- _WHAT THE TASK REQUIRES_:
In the entries that follow, find the line containing "Weatherability test - optical" and the line containing "Il giorno 11", then copy exactly everything from the first through the second except the pictures.

- _RECORDED DATA_:
*** Begin section ***
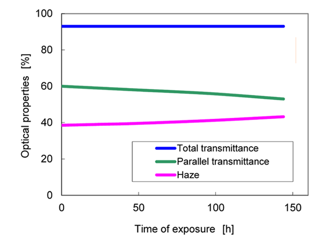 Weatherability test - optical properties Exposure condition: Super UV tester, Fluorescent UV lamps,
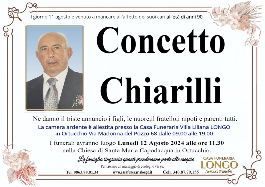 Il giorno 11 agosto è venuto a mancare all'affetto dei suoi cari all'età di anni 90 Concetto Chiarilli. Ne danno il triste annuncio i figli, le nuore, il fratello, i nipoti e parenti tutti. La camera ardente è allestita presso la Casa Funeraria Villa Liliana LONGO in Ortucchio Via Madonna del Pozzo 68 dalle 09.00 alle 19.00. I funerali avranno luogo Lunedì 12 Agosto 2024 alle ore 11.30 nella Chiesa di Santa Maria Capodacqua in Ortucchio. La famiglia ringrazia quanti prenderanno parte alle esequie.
*** End section ***
*** Begin section ***
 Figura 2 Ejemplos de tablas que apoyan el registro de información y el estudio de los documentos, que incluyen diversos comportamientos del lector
*** End section ***
*** Begin section ***
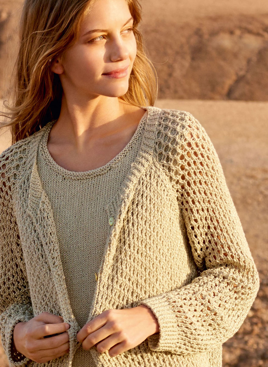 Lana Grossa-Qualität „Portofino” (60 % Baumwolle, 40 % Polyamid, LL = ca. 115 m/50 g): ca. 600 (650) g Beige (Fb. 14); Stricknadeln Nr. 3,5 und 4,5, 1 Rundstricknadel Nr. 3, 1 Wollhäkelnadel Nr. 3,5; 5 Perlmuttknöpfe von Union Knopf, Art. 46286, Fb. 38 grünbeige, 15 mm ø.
*** End section ***
- _ANSWER TO THIS PROBLEM_:
 Weatherability test - optical properties Exposure condition: Super UV tester, Fluorescent UV lamps,
 Il giorno 11 agosto è venuto a mancare all'affetto dei suoi cari all'età di anni 90 Concetto Chiarilli. Ne danno il triste annuncio i figli, le nuore, il fratello, i nipoti e parenti tutti. La camera ardente è allestita presso la Casa Funeraria Villa Liliana LONGO in Ortucchio Via Madonna del Pozzo 68 dalle 09.00 alle 19.00. I funerali avranno luogo Lunedì 12 Agosto 2024 alle ore 11.30 nella Chiesa di Santa Maria Capodacqua in Ortucchio. La famiglia ringrazia quanti prenderanno parte alle esequie.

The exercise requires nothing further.